What compiling Net-SNMP looks like:

---------------------------------------------------------
            Net-SNMP configuration summary:
---------------------------------------------------------

  SNMP Versions Supported:    1 2c 3
  Net-SNMP Version:           5.4.2.1
  Building for:               darwin9
  Network transport support:  Callback Unix TCP UDP
  SNMPv3 Security Modules:     usm
  Agent MIB code:             default_modules =>  snmpv3mibs mibII ucd_snmp notification 
notification-log-mib target agent_mibs agentx disman/event disman/schedule utilities
  Embedded Perl support:      enabled
  SNMP Perl modules:          building -- embeddable
  SNMP Python modules:        building for /usr/local/bin//python
  Authentication support:     MD5 SHA1
  Encryption support:         DES AES
]]

Look at the code in the following module, and then you will run it.



#!/usr/bin/env python2.6
"""
This is a multiprocessing wrapper for Net-SNMP.
This makes a synchronous API asynchronous by combining
it with Python2.6
"""

import netsnmp
from multiprocessing import Process, Queue, current_process

class HostRecord():
    """This creates a host record"""
    def __init__(self,
                 hostname = None,
                 query = None):
        self.hostname = hostname
        self.query = query

class SnmpSession():
    """A SNMP Session"""
    def __init__(self,
                oid = "sysDescr",
                Version = 2,
                DestHost = "localhost",
                Community = "public",
                Verbose = True,
                ):
        self.oid = oid
        self.Version = Version
        self.DestHost = DestHost
        self.Community = Community
        self.Verbose = Verbose
        self.var = netsnmp.Varbind(oid, 0)
        self.hostrec = HostRecord()
        self.hostrec.hostname = self.DestHost

    def query(self):
        """Creates SNMP query

        Fills out a Host Object and returns result
        """
        try:
            result = netsnmp.snmpget(self.var,
                                Version = self.Version,
                                DestHost = self.DestHost,
                                Community = self.Community)
            self.hostrec.query = result
        except Exception, err:
            if self.Verbose:
                print err
            self.hostrec.query = None
        finally:
            return self.hostrec

def make_query(host):
    """This does the actual snmp query

    This is a bit fancy as it accepts both instances
    of SnmpSession and host/ip addresses.  This
    allows a user to customize mass queries with
    subsets of different hostnames and community strings
    """
    if isinstance(host,SnmpSession):
        return host.query()
    else:
        s = SnmpSession(DestHost=host)
        return s.query()

# Function run by worker processes
def worker(input, output):
    for func in iter(input.get, 'STOP'):
        result = make_query(func)
        output.put(result)

def main():
    """Runs everything"""

    #clients
    hosts = ["localhost", "localhost"]
    NUMBER_OF_PROCESSES = len(hosts)

    # Create queues
    task_queue = Queue()
    done_queue = Queue()

    #submit tasks
    for host in hosts:
        task_queue.put(host)

    #Start worker processes
    for i in range(NUMBER_OF_PROCESSES):
        Process(target=worker, args=(task_queue, done_queue)).start()
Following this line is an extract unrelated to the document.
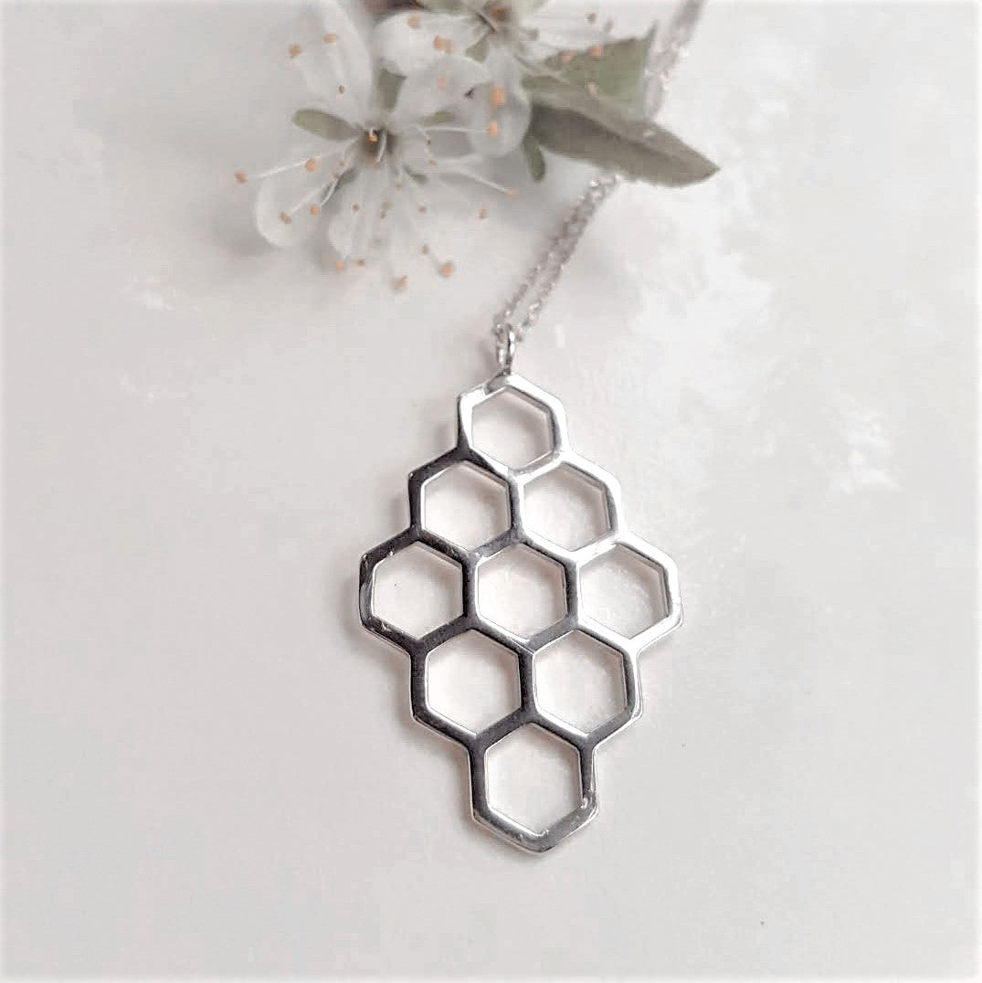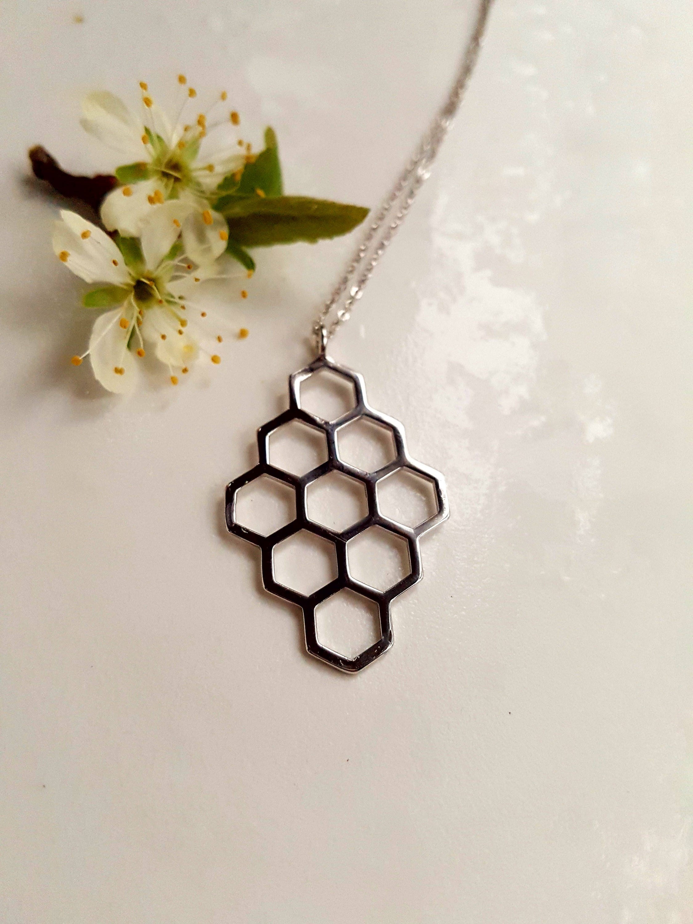 The Honeycomb Pendant Necklace is a beautifully crafted piece of jewelry that captures the essence of nature. Made from high-quality sterling silver, this necklace features a stunning honeycomb pendant that measures 40 mm x 25 mm. The intricate design is not only visually appealing but also symbolizes the beauty of nature, making it a perfect accessory for nature lovers, gardeners, and beekeepers alike.

     # Get and print results
    print 'Unordered results:'
    for i in range(len(hosts)):
        print '\t', done_queue.get().query

    # Tell child processes to stop
    for i in range(NUMBER_OF_PROCESSES):
        task_queue.put('STOP')
        print "Stopping Process #%s" % i

if __name__ == "__main__":
    main()

There are two classes, a HostRecord class and an SnmpSession class. The SnmpSession class contains a method that actually performs a query using the SNMP library, Net-SNMP. Because that call will block normally, you then import the multiprocessing library and run it using Process. Additionally, pass in a task_queue and a done_queue, which serve as a way to synchronize and protect data coming into the process pool and out of the process pool. If you are familiar with threading, you will notice this is very similar to what you would do in a threading API.

Pay special attention to the hosts list, in the section #clients in the main function. Notice that you could potentially run asynchronous SNMP queries to 50 or 100 hosts, or more, depending on the hardware you are running on. The NUMBER_OF_PROCESSES variable is set rather simply by just taking the number of hosts in the hosts list. Finally, the last two sections grab the results from the queue as they are processed, and then put a "STOP" message into the queue that singles the processes they can die.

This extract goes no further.